## TASK BRIEF:
Your answer must be the listing repeated word for word, without its pictures.
(Beginning of INFORMATION)
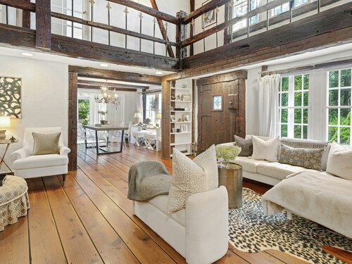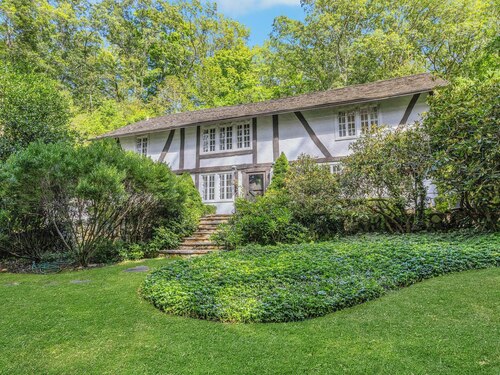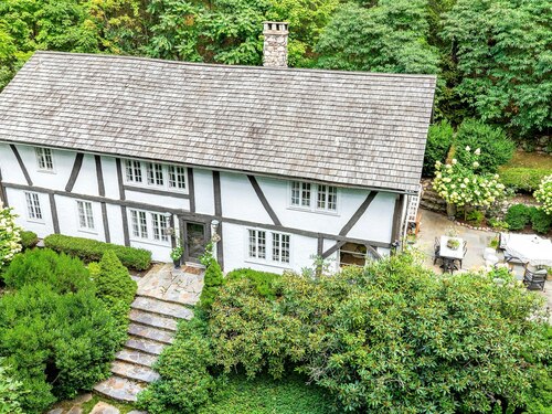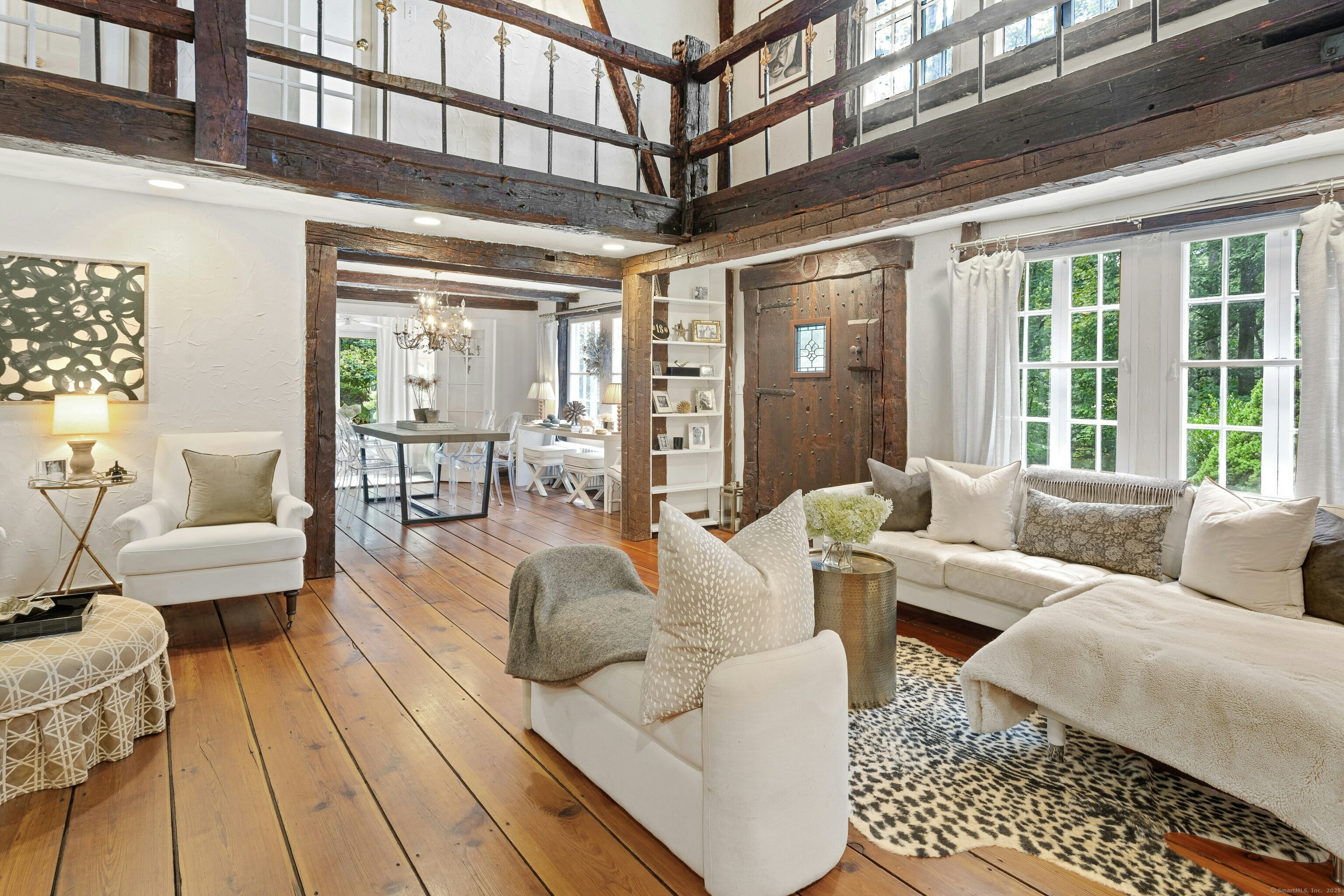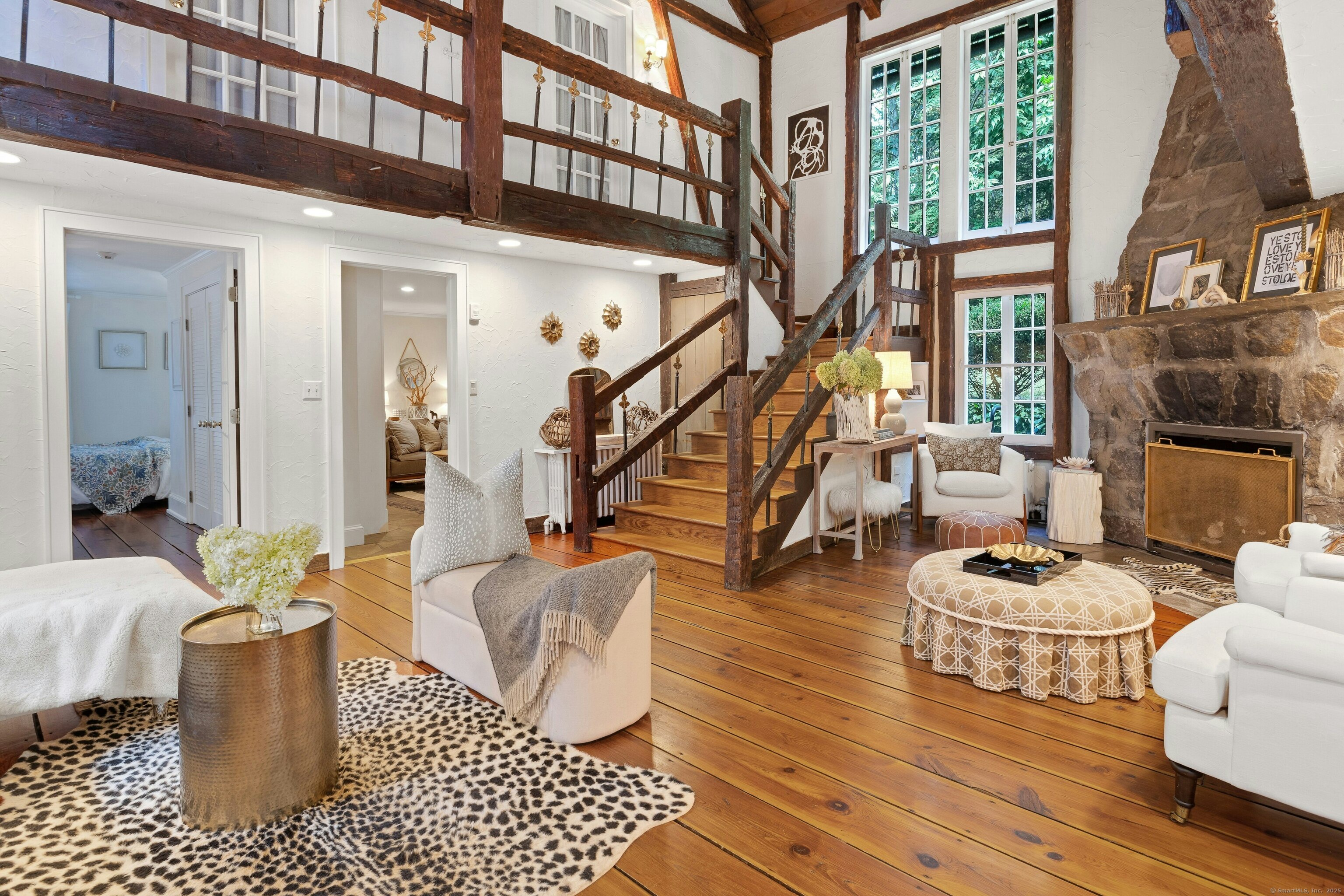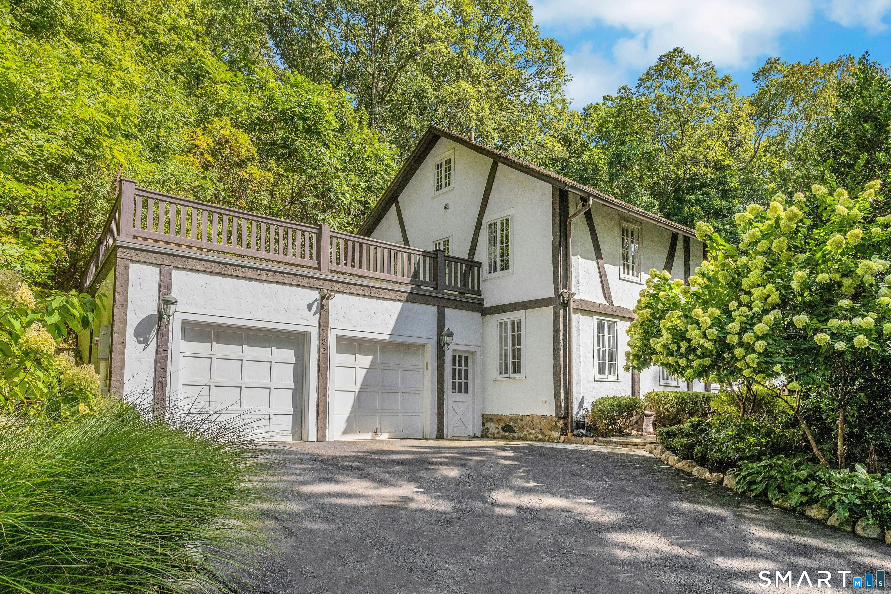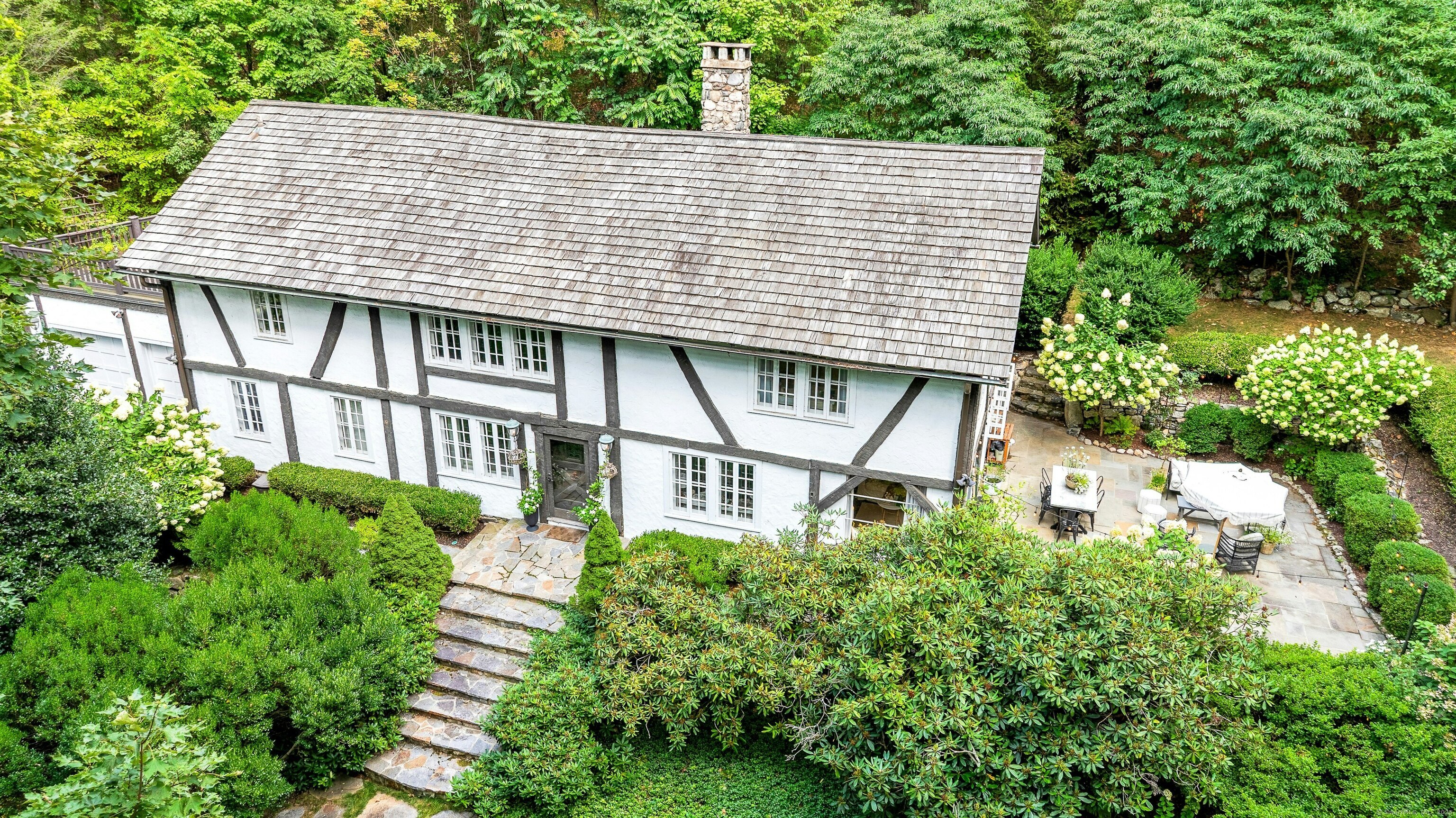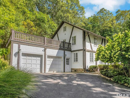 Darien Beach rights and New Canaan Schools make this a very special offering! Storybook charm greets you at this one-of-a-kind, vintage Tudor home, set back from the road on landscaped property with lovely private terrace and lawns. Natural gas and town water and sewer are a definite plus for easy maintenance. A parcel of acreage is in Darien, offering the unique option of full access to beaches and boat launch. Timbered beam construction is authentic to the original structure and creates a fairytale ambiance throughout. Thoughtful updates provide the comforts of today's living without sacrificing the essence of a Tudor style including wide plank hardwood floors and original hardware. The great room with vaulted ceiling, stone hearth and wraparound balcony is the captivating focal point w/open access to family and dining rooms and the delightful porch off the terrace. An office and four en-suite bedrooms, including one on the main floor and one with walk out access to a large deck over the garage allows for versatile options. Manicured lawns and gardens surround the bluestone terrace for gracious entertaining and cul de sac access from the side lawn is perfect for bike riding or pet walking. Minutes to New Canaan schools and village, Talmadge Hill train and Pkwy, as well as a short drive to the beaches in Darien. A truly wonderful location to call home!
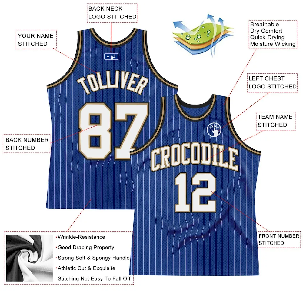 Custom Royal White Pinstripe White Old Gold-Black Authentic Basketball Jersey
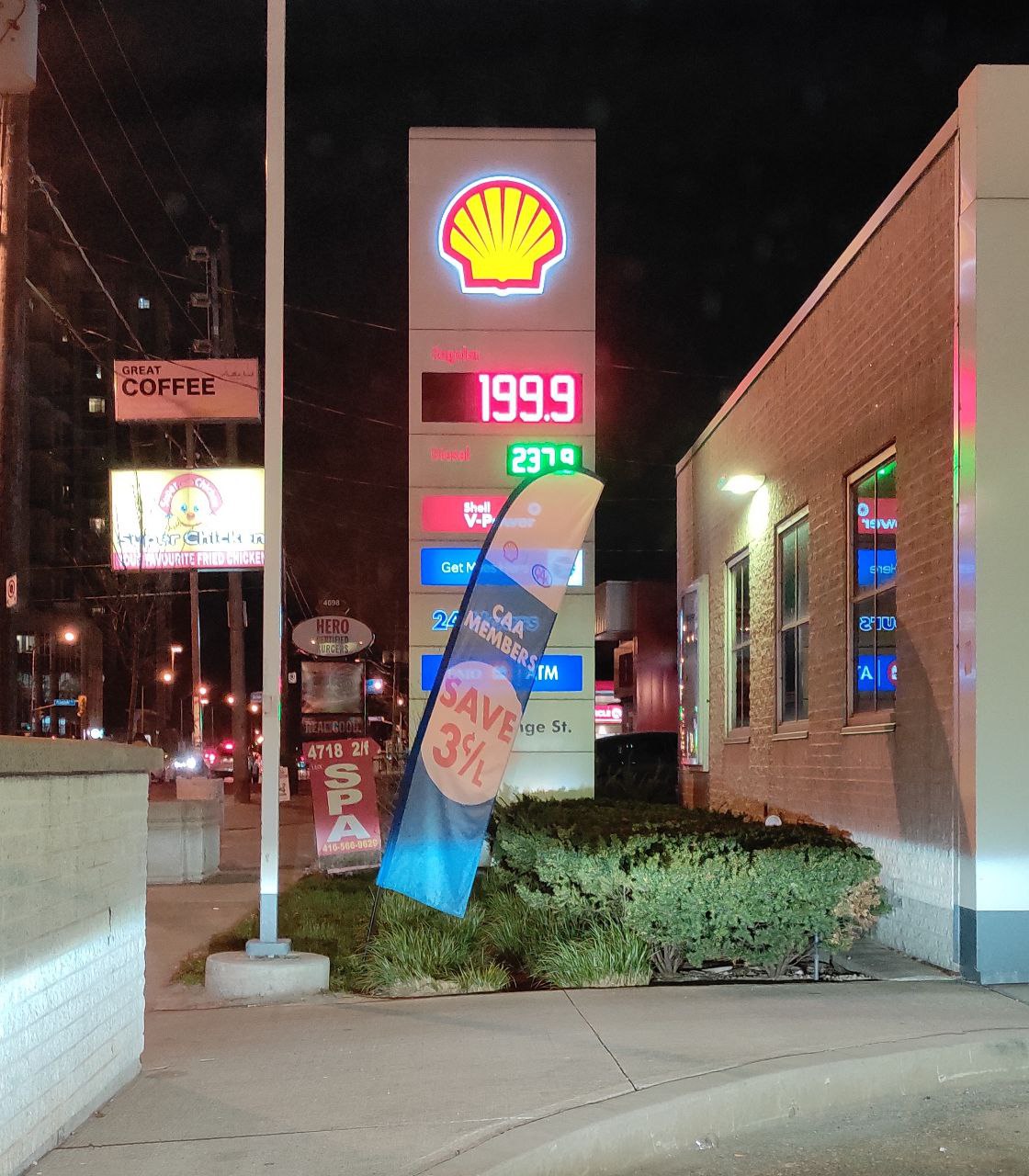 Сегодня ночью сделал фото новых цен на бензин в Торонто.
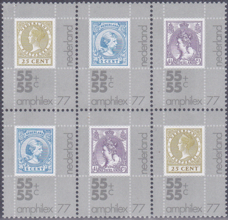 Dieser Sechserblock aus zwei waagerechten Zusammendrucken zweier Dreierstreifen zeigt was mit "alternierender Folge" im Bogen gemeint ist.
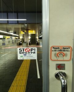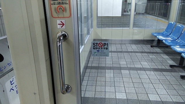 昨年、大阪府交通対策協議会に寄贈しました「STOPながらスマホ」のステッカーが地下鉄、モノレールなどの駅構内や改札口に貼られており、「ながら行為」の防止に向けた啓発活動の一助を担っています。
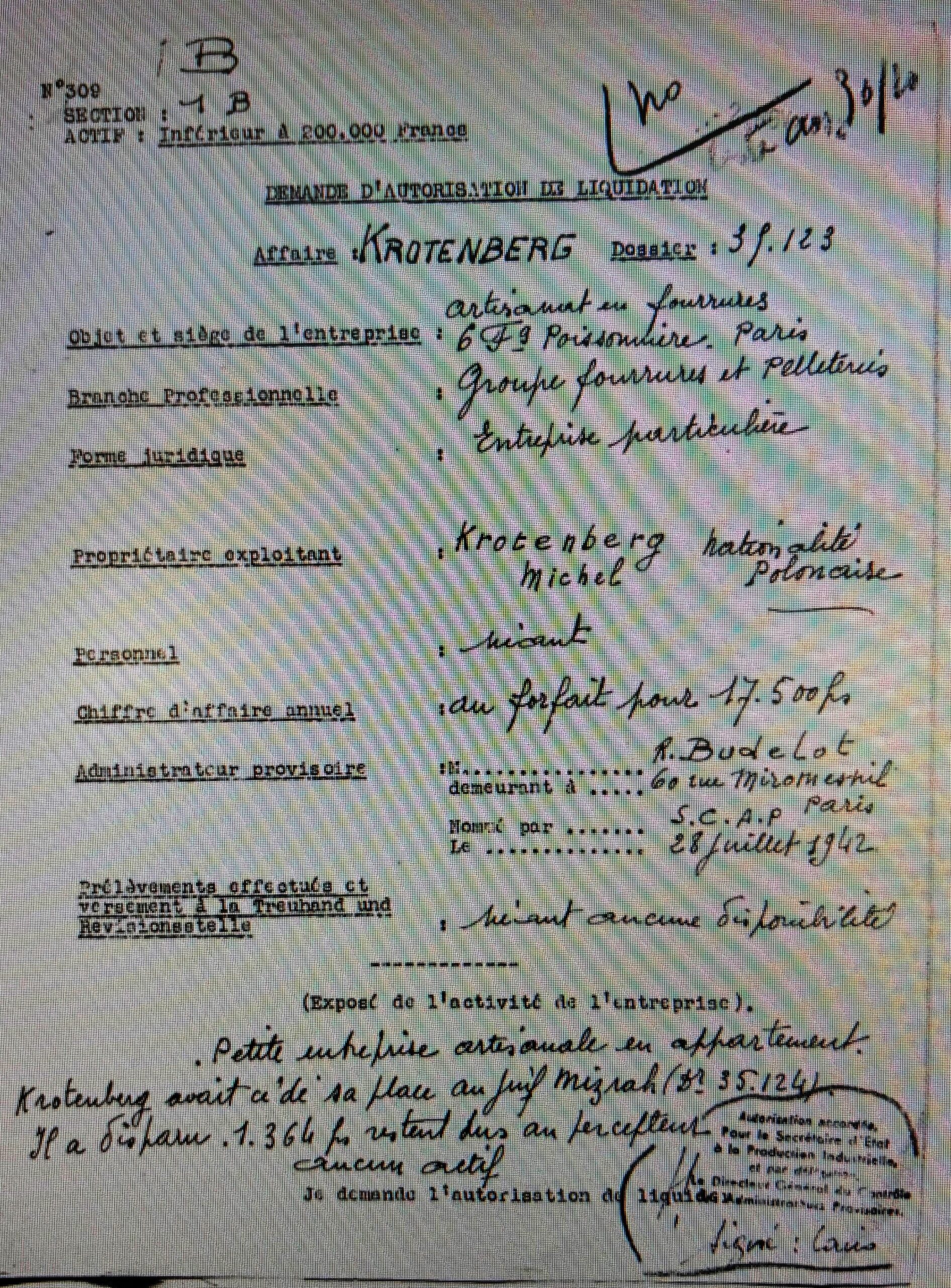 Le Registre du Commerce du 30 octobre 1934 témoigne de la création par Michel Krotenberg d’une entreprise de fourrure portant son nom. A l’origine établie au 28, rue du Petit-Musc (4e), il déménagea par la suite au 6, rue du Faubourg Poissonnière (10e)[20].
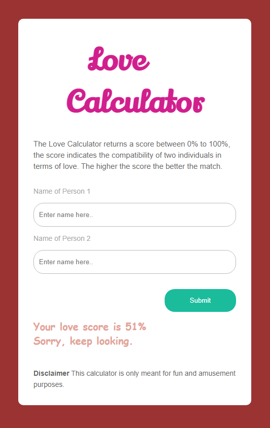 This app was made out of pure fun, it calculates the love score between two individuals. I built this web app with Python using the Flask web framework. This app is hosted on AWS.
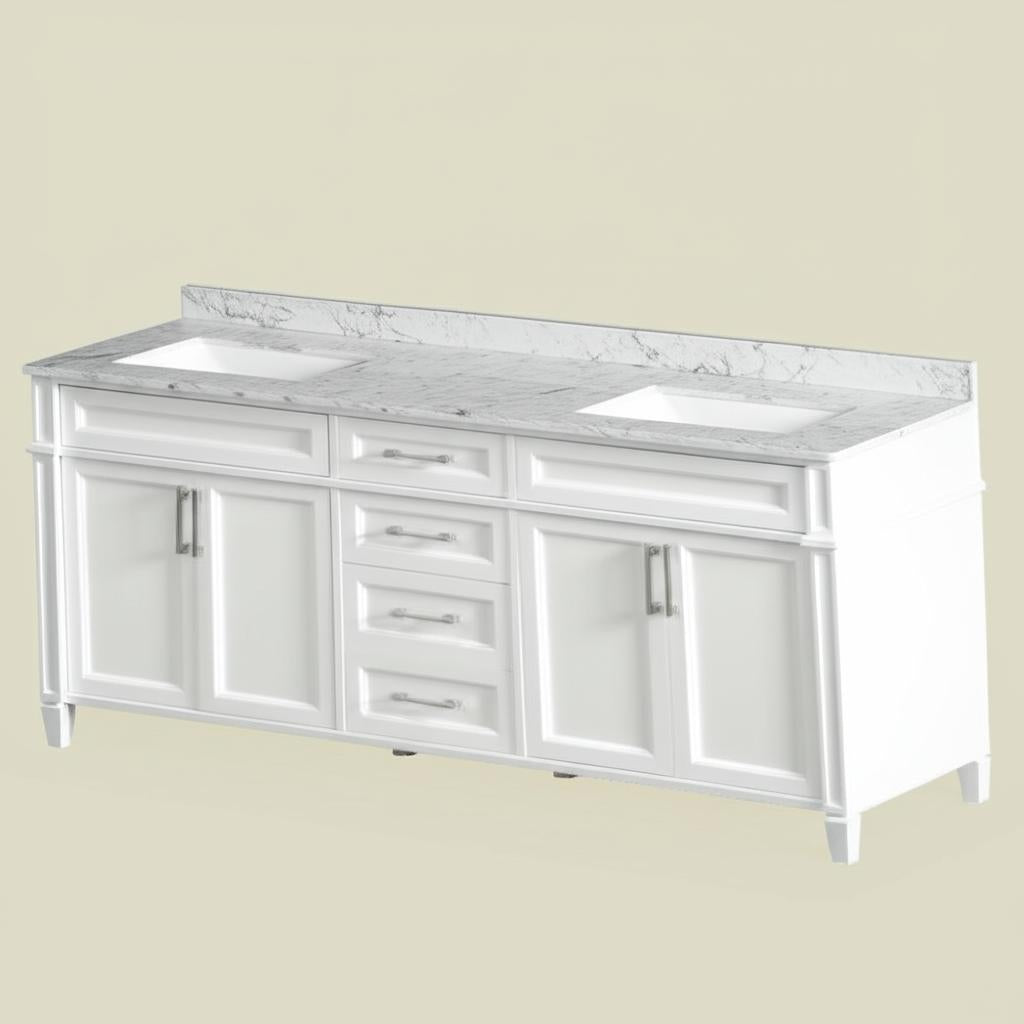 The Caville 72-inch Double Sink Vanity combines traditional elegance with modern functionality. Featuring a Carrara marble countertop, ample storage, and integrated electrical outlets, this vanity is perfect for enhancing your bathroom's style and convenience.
(End of INFORMATION)
## WRITTEN SOLUTION:
 Darien Beach rights and New Canaan Schools make this a very special offering! Storybook charm greets you at this one-of-a-kind, vintage Tudor home, set back from the road on landscaped property with lovely private terrace and lawns. Natural gas and town water and sewer are a definite plus for easy maintenance. A parcel of acreage is in Darien, offering the unique option of full access to beaches and boat launch. Timbered beam construction is authentic to the original structure and creates a fairytale ambiance throughout. Thoughtful updates provide the comforts of today's living without sacrificing the essence of a Tudor style including wide plank hardwood floors and original hardware. The great room with vaulted ceiling, stone hearth and wraparound balcony is the captivating focal point w/open access to family and dining rooms and the delightful porch off the terrace. An office and four en-suite bedrooms, including one on the main floor and one with walk out access to a large deck over the garage allows for versatile options. Manicured lawns and gardens surround the bluestone terrace for gracious entertaining and cul de sac access from the side lawn is perfect for bike riding or pet walking. Minutes to New Canaan schools and village, Talmadge Hill train and Pkwy, as well as a short drive to the beaches in Darien. A truly wonderful location to call home!
 Custom Royal White Pinstripe White Old Gold-Black Authentic Basketball Jersey
 Сегодня ночью сделал фото новых цен на бензин в Торонто.
 Dieser Sechserblock aus zwei waagerechten Zusammendrucken zweier Dreierstreifen zeigt was mit "alternierender Folge" im Bogen gemeint ist.
 昨年、大阪府交通対策協議会に寄贈しました「STOPながらスマホ」のステッカーが地下鉄、モノレールなどの駅構内や改札口に貼られており、「ながら行為」の防止に向けた啓発活動の一助を担っています。
 Le Registre du Commerce du 30 octobre 1934 témoigne de la création par Michel Krotenberg d’une entreprise de fourrure portant son nom. A l’origine établie au 28, rue du Petit-Musc (4e), il déménagea par la suite au 6, rue du Faubourg Poissonnière (10e)[20].
 This app was made out of pure fun, it calculates the love score between two individuals. I built this web app with Python using the Flask web framework. This app is hosted on AWS.
 The Caville 72-inch Double Sink Vanity combines traditional elegance with modern functionality. Featuring a Carrara marble countertop, ample storage, and integrated electrical outlets, this vanity is perfect for enhancing your bathroom's style and convenience.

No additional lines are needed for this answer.